Anger at a would-be assassin, prayers for a much loved Pontiff

They assemble by the thousands regularly on Wednesday afternoons in St. Peter's Square: clergy and laity, Catholics and nonbelievers, pilgrims to Rome and ordinary tourists from every nation. Their common goal is to get a glimpse of the Pope, something that is far easier to do than it used to be. Papal general audiences were formerly held indoors, in St. Peter's Basilica, and the Pontiff was carried into the vast church on a portable throne called the sedia gestatoria, an aloof figure out of reach of the crowds.
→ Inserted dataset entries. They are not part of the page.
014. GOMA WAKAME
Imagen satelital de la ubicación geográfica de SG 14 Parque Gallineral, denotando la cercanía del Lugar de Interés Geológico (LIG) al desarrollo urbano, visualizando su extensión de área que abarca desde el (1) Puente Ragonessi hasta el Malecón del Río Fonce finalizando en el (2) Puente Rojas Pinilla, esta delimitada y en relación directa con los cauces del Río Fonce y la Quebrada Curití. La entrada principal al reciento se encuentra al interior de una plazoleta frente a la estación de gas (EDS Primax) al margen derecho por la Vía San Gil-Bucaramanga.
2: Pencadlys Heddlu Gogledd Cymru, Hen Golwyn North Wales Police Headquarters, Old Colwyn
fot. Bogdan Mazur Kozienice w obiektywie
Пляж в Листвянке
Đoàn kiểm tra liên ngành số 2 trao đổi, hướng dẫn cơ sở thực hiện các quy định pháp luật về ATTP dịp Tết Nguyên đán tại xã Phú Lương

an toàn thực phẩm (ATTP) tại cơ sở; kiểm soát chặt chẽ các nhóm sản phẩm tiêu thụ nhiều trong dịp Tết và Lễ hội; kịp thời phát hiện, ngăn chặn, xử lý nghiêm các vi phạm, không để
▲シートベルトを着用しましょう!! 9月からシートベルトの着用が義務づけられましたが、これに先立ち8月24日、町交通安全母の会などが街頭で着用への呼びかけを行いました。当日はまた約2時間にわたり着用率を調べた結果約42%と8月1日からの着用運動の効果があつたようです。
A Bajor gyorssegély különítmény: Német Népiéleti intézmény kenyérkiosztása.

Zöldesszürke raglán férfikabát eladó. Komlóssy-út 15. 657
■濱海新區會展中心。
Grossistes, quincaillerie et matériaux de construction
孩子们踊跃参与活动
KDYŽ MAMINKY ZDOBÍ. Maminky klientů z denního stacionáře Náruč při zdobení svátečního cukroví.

But John Paul II, a Pope who believes that his mission is to carry the word of God by personal contact to anyone he can touch, has changed all that. Now, whenever the weather permits, the audiences are held outdoors in the square. Tickets, given out free by the Vatican as long as the supply lasts, are still needed by those who wish to occupy the rows of chairs and benches set up in front of the central obelisk facing the basilica. Large areas of the immense 20-acre square, however, are left open for anyone who can jam in through the encircling Bernini colonnade that the architect likened to arms of the church reaching out in love to embrace the world.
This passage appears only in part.